» WHAT IS BEING ASKED
Write out the lines of the material below exactly, beginning at the line with "歯ブラシやビー玉、積み木など" and stopping after the line with "Aquí están cuatro", and leave out the pictures.

» DATA EXTRACT
##############################
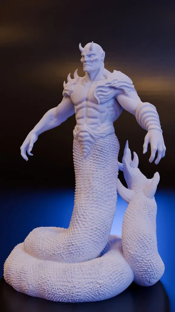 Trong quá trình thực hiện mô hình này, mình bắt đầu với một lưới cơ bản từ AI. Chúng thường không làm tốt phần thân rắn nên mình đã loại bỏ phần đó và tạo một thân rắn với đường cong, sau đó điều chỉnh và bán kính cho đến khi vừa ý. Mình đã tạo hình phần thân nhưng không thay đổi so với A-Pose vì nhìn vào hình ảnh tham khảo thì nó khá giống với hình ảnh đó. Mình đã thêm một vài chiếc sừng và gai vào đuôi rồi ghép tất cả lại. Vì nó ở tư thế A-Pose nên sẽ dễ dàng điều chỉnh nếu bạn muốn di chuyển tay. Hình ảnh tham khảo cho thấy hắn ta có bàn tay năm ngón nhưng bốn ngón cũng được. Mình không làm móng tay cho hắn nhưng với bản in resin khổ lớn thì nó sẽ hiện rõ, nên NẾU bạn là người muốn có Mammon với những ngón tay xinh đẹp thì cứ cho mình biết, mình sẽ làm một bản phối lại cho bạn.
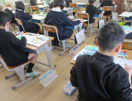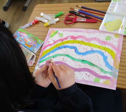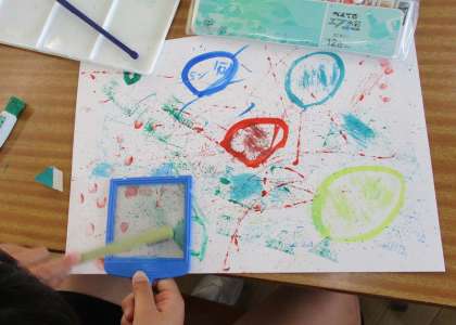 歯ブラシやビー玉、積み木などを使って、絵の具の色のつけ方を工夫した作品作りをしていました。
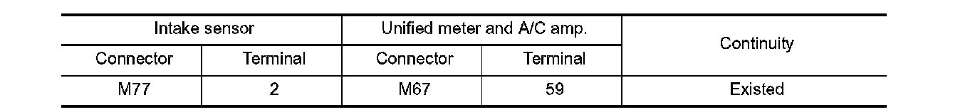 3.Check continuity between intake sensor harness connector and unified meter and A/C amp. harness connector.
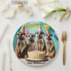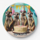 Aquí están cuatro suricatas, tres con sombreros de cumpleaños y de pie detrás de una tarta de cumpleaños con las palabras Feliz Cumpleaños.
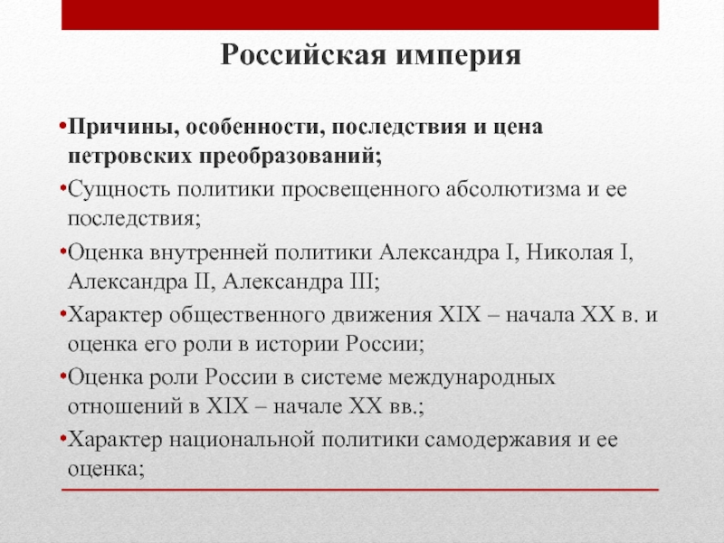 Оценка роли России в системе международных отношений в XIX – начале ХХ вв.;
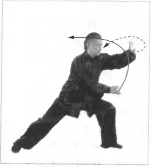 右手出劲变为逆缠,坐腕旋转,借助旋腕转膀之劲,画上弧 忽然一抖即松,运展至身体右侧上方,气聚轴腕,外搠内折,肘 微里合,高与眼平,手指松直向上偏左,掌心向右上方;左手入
##############################
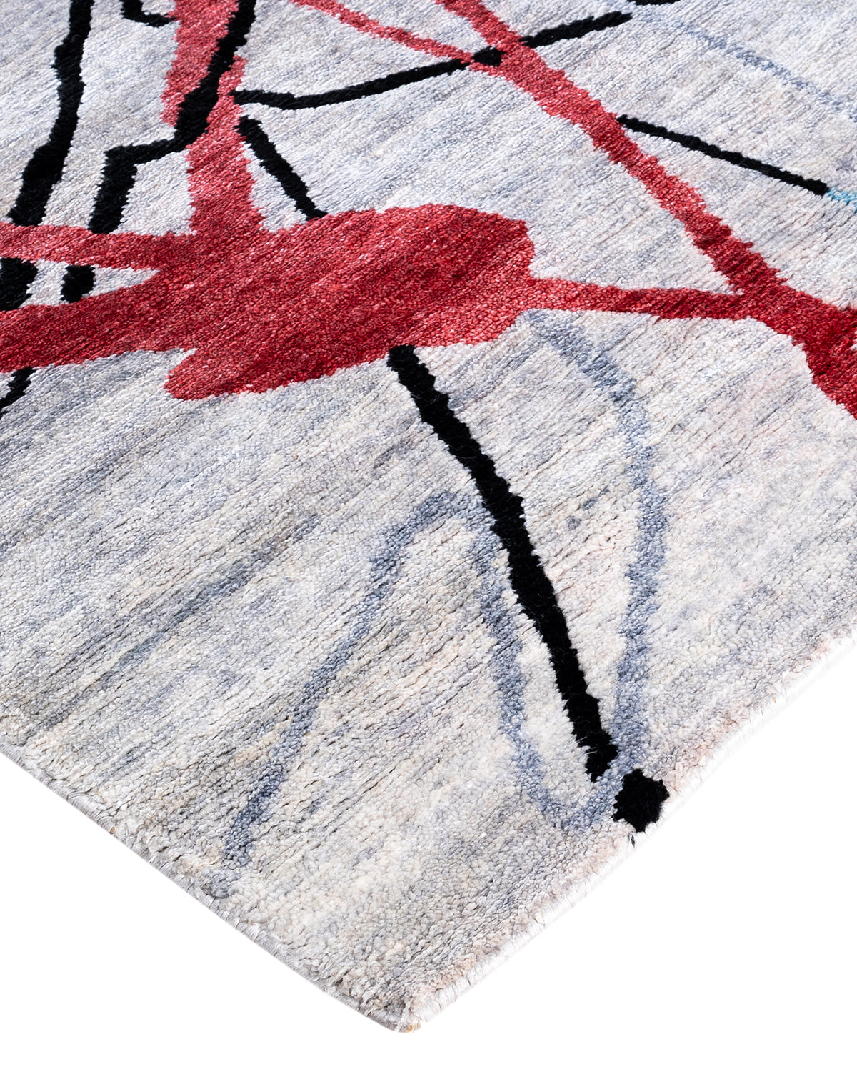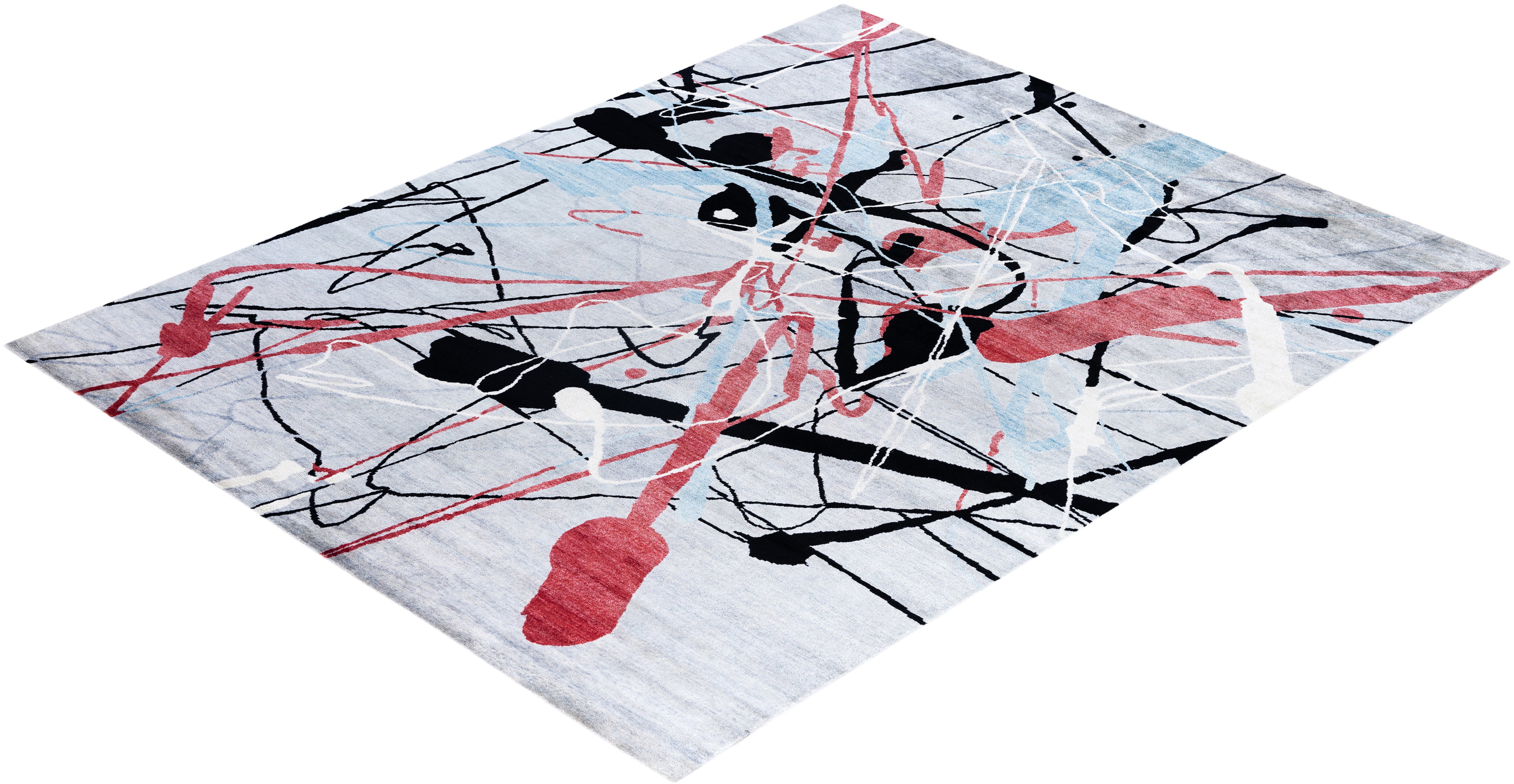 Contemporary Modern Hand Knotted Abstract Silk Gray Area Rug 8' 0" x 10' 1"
##############################
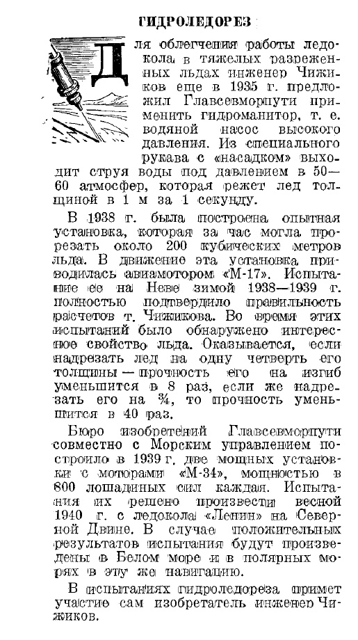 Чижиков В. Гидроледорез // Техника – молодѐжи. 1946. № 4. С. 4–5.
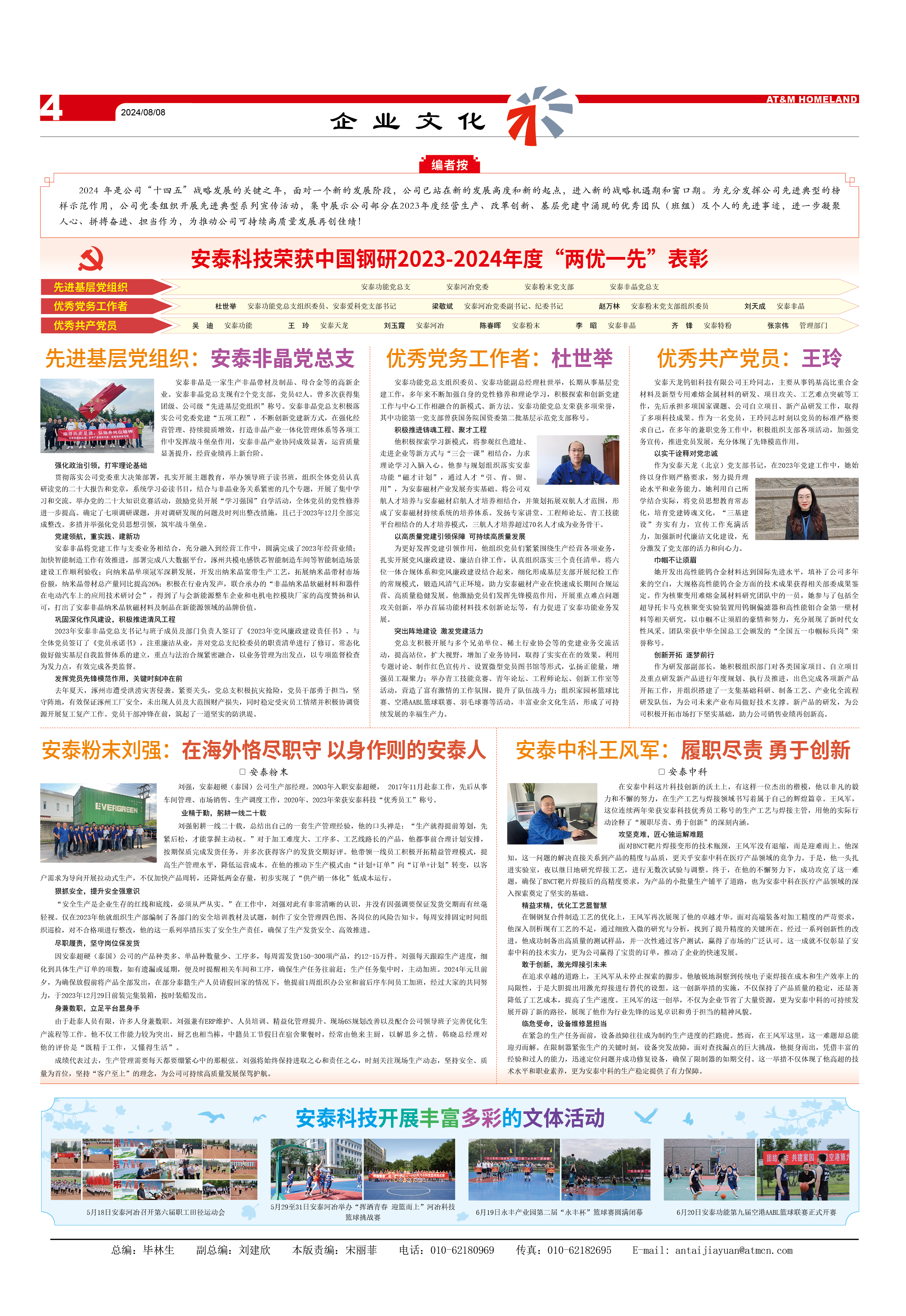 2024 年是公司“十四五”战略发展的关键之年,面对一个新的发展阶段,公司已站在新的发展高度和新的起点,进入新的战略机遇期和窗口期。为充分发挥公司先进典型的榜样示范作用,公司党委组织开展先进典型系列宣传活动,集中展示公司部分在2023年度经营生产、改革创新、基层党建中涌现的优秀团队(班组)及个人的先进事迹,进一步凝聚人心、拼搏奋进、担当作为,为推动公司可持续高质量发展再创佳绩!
##############################
» ANSWER SECTION
 歯ブラシやビー玉、積み木などを使って、絵の具の色のつけ方を工夫した作品作りをしていました。
 3.Check continuity between intake sensor harness connector and unified meter and A/C amp. harness connector.
 Aquí están cuatro suricatas, tres con sombreros de cumpleaños y de pie detrás de una tarta de cumpleaños con las palabras Feliz Cumpleaños.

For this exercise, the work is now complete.